• **SOURCE DATA**
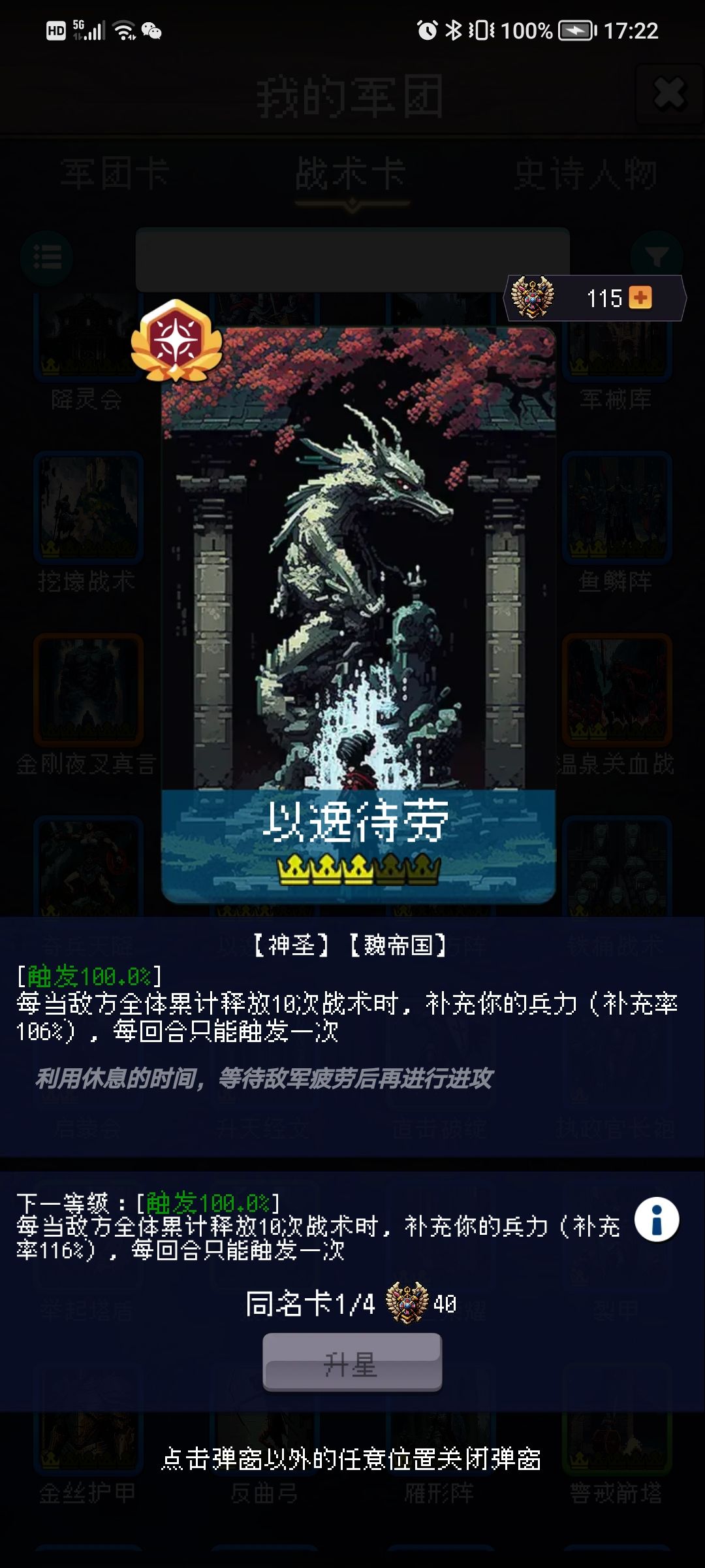 以逸待劳:触发 每回合限1次,敌方累积进行10次战术后获得77%—125%补充。商店可肝。
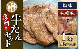 和顔 厚切り牛たんセット[塩・味噌味] 1kg(塩500g×1p・味噌500g×1p)【ふるさと納税 肉 牛肉 牛タン 仙台 名物 グルメ 厚切り プレミアム ジューシー 人気 ギフト 冷凍保存 食べ比べ 高級 贅沢】
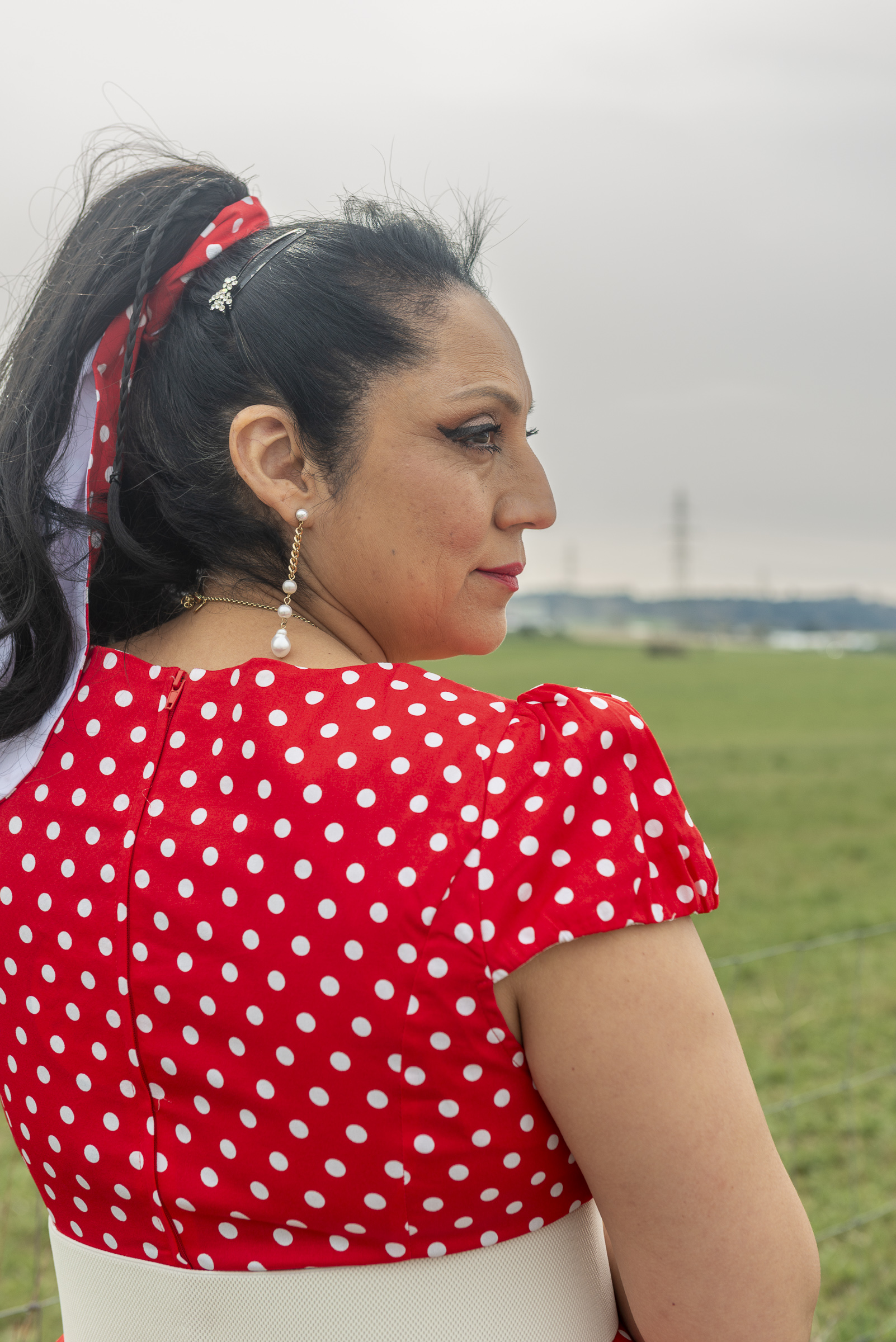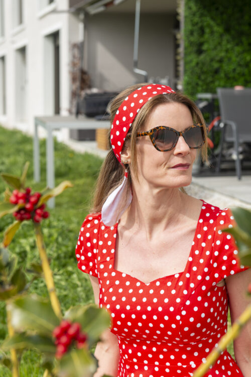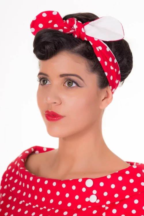Bandeau rouge à pois blancs avec nœud modulable, l’accessoire pin-up iconique pour une allure glamour instantanée.
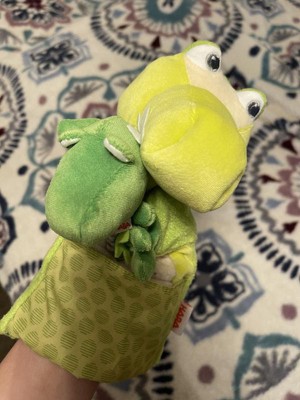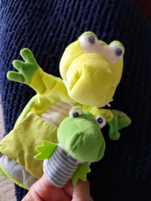 [This review was collected as part of a promotion.] My son absolutely loves this finger puppet. The first day he saw it he had to carry it around everywhere. Its nicely made material and it fits pretty good on my hand and there is a baby puppet that fits on my sons hand perfect. Also the little puppet fits in the pouch of the big puppet.
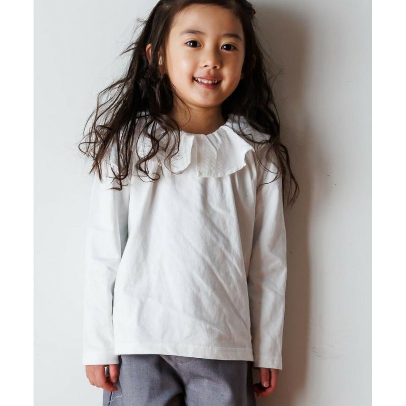 ・素材を切り替えたフリルが上品な長袖Tシャツ
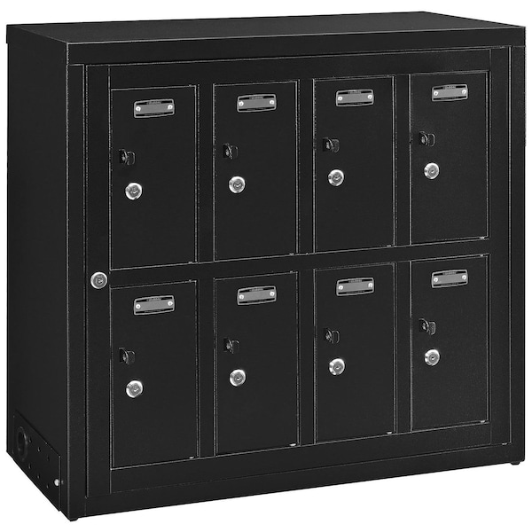 Cell phone lockers are ideal for military facilities, law enforcement, government contractors, fitness clubs, swimming pools, health care and schools to securely store cell phones, tablets, wallets, sun glasses, keys and other personal items. Cell Phone Lockers are made of 21 gauge steel doors and 20 gauge body with black powder coat finish for long lasting durability. Inside each of the compartment has a USB port for charging tablets, smart phones and other electronics by using user's own charging cable. The USB port connects to a 110V outlet, each port's output is 2.0 amps Max. to charge away. Mounted to the wall for ease of use. Lockers equipped both padlockable hasp padlock sold separately and key lock provide high security. 8 sets of 2 keys per door; each door is keyed differently. Management has master key set to allow immediate access to all locker compartments as needed. Blank metal number plates, hardware and mounting brackets included. Ships fully assembled.
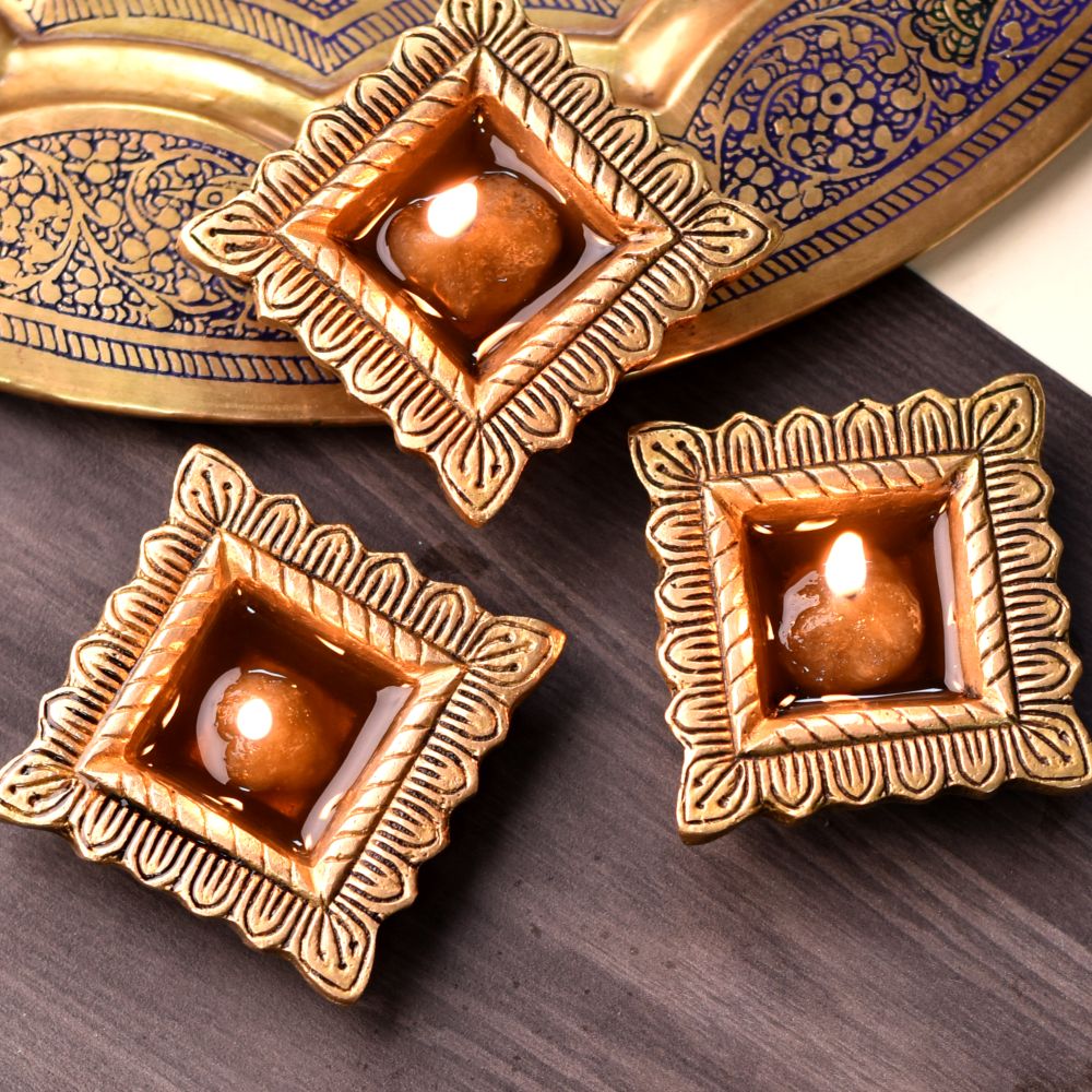 Add a touch of tradition and artistry to your celebrations with this Brass Engraved Square Oil Lamp Diya. Handcrafted from solid brass with a golden polished finish, it features elegant engravings that highlight India’s rich cultural heritage. Compact yet detailed, this diya is ideal for mandir rituals, Diwali lighting, and auspicious home décor.
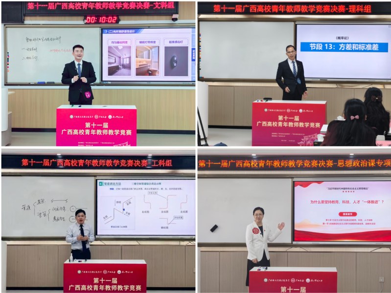 近日,第十一届全区高校青年教师教学竞赛决赛获奖名单正式公示,学校4名青年教师在全区76所高校、262名参赛选手的激烈比拼中脱颖而出,马克思主义学院莫梨老师斩获思政组一等奖第一名桂冠,设计学院郭靖老师、数学与统计学院赖廷煜老师、化学与药学学院蒋卷涛老师,分获文科、理科、工科三个组别一等奖。四项一等奖的成绩,既延续学校在广西青教赛赛事中的强势领跑态势,也彰显了学校青年教师队伍的过硬教学实力与育人担当。
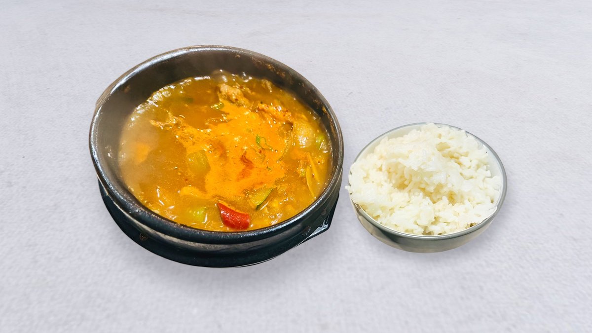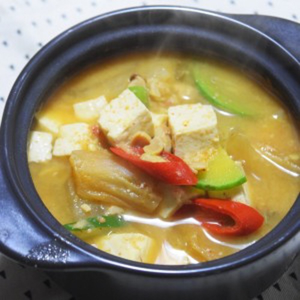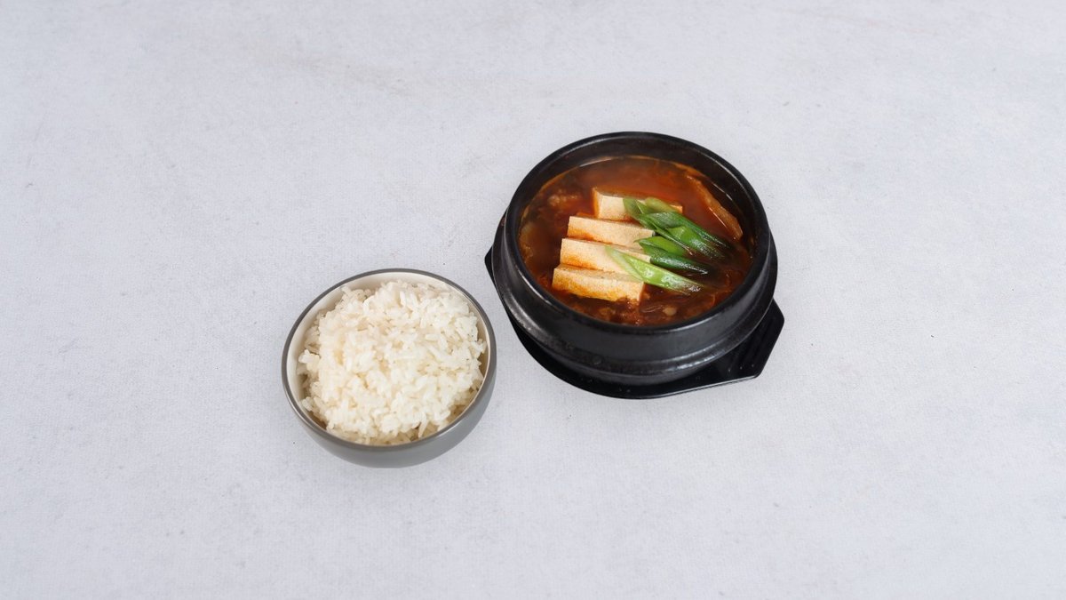 Rich soybean paste soup with tofu, vegetables and beef brisket. serve with rice Bogata zupa z pasty sojowej z tofu, warzywami i wołowiną. Podawać z ryżem
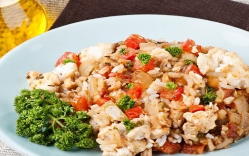 4. Мелко нарезанную петрушку добавить в соус. Затем рыбное филе нарезается на средние кусочки и помещается в соус с рисом. Блюдо присыпается тимьяном, накрывается крышкой и тушится на минимальном огне до готовности рыбы.
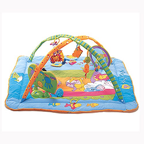Musik ville jeg ikke invistere i. Når den tid kommer, er der meget legetøj der kan spille en melodi, og der gider baby sikkert ikke legetæppet mere
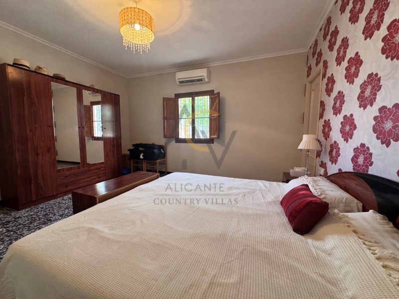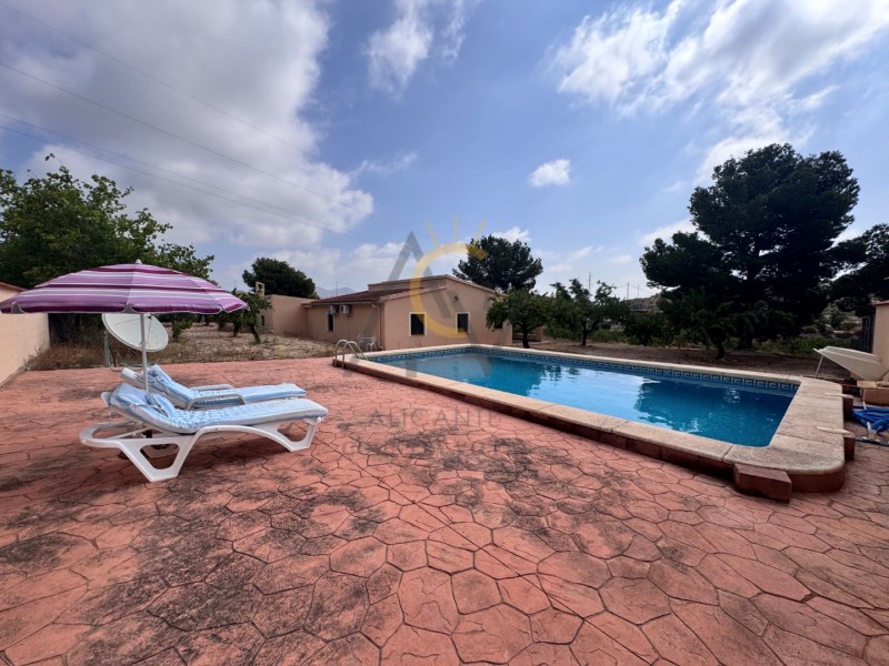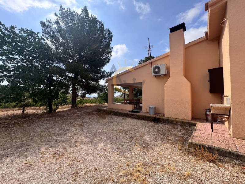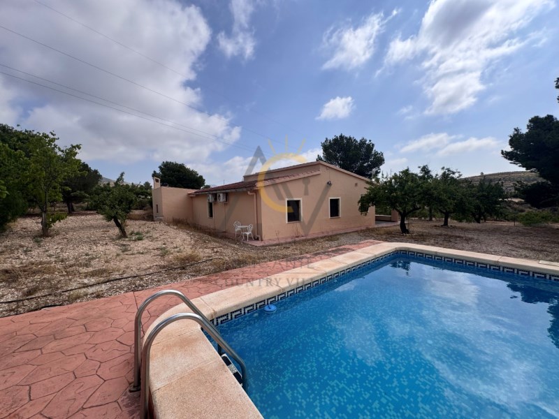 Alicante Country Villas is pleased to present this charming villa located on the outskirts of the town of Monovar and just 45 minutes from the airport and beaches. The plot of 7000m2 approx. Is partially fenced, with almond trees all around and a fantastic pine tree at the front of the house providing abundant shade. On one side of the house is the 8x4 swimming pool with chlorine filter and solarium area. We access the house of 100m2 approx. Through a large porch, once inside, the house is distributed in a living/dining room with fireplace and air conditioning with open kitchen, a master bedroom with air conditioning with bathroom with shower, a second double bedroom with air conditioning, a single bedroom and a second bathroom with bathtub. Attached to the main house, we find a garage of 30m2 approx. And a barbecue area. The property benefits from electricity and irrigation water. If you want to live in a very quiet area surrounded by mountains, do not hesitate to visit it! #ref:DNV0587

• **EXERCISE BRIEF**
Word for word, restate the lines above from the one with "4. Мелко нарезанную" through the one with "Musik ville jeg", keeping both ends and dropping the pictures.

• **ANSWER**
 4. Мелко нарезанную петрушку добавить в соус. Затем рыбное филе нарезается на средние кусочки и помещается в соус с рисом. Блюдо присыпается тимьяном, накрывается крышкой и тушится на минимальном огне до готовности рыбы.
Musik ville jeg ikke invistere i. Når den tid kommer, er der meget legetøj der kan spille en melodi, og der gider baby sikkert ikke legetæppet mere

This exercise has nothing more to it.